Not only is each ski patrol member required to pass the National Ski Patrol’s Outdoor Emergency Care Course, or be certified as either an EMT or paramedic, rookies also must prove their abilities over an entire year before officially becoming a ski patroller . They spend that first year completing less technical work, such as maintaining signage, but leave other advanced, including medical care, to more experienced patrollers. Seasoned members also must pass refresher courses each November as they prepare to open the mountain.

Tanya Kayler, center, leads the Eldora ski patrol team in stretching at the beginning of a shift in November at the resort near Nederland.

To keep everything running smoothly, one member gets to the mountain at 5 a.m. to check weather and snow conditions before the rest of the 11 to 14 other team members for the day come in and begin setting up for guests’ arrival.

When a big snowstorm rolls through, the entire team comes in at 5 a.m. and breaks off into groups to mitigate steep sections of the mountain for avalanches, including side cutting precarious slopes and, in some cases, laying explosive charges to test the snow’s stability.

During the early season, they even stomp down trouble spots to compact the snow and create a solid base for the next storms.

In the early season, patrol members spend their time between calls testing closed runs and making sure all man-made equipment, like lift poles and snow making equipment, is padded and marked Any spare time is spent training.

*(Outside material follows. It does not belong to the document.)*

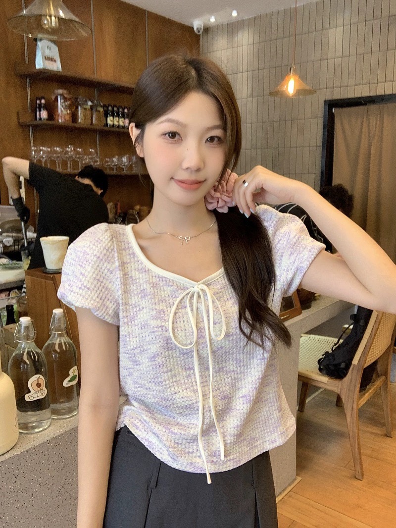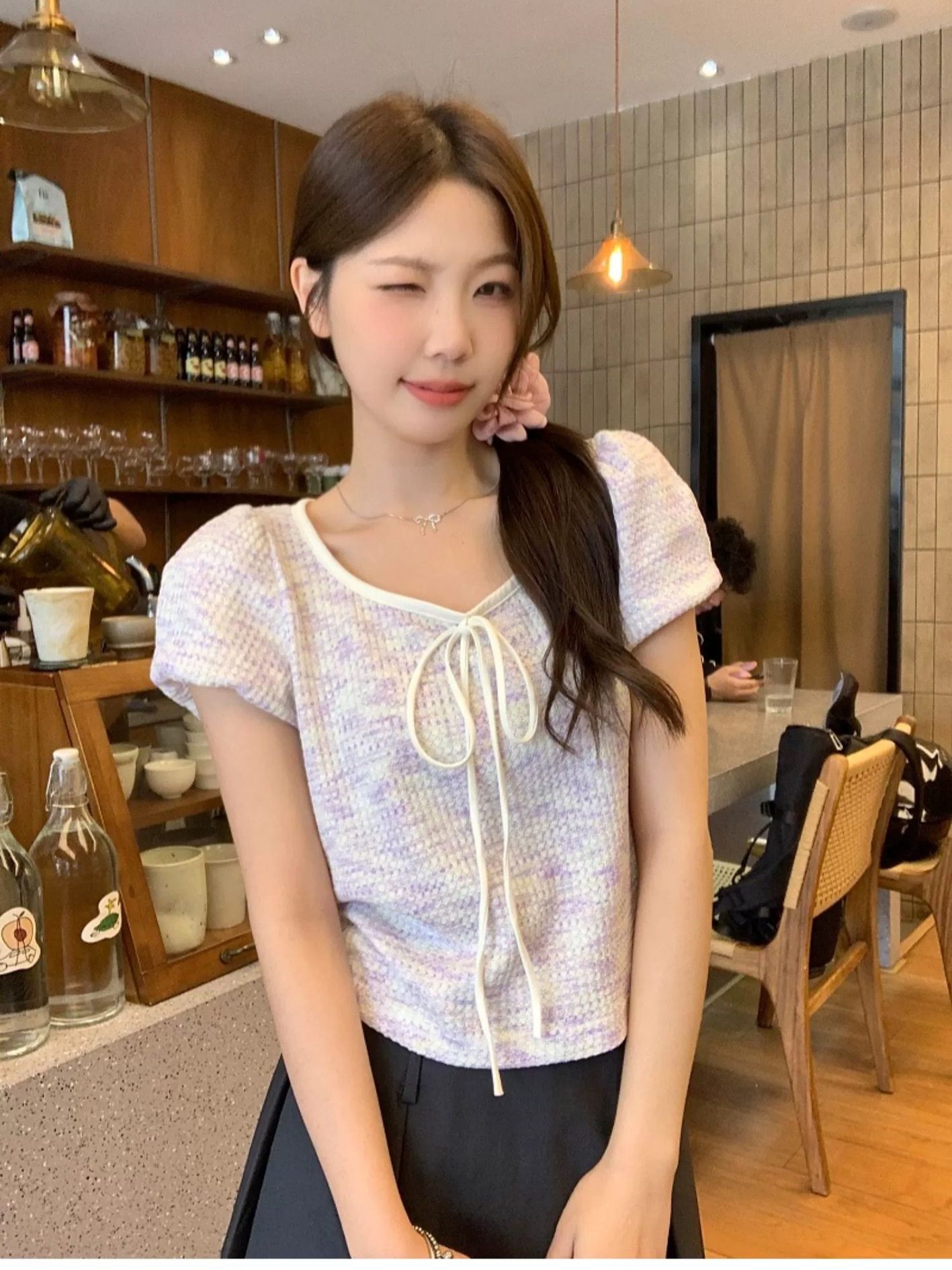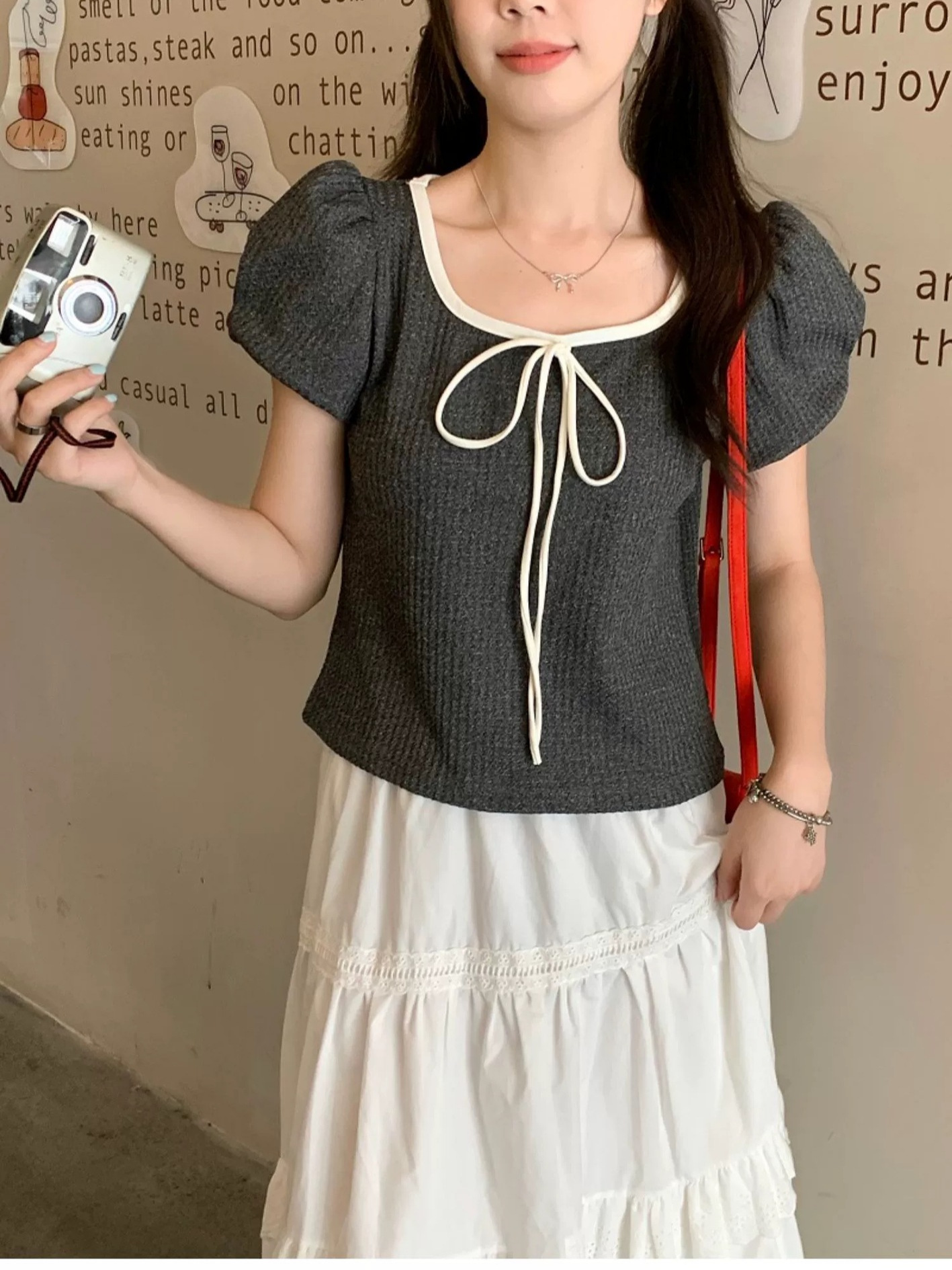 撞色领蝴蝶结短袖恤夏季甜美泡泡袖拼接小个子短款正肩短袖女上衣

To mitigate burnout, Eldora is looking to start a stress injury and resilience program that focuses on the mental health side of patient care and helps members not only keep injured skiers calm and collected, but also themselves.

The mountain also is creating an eight-person mountain safety team to increase people’s awareness about safety protocols as the mountain gets busier.

“Our team is amazing,” Brock said. “The men and women who come in here every day deserve all the credit. All of this wouldn’t be possible without them.”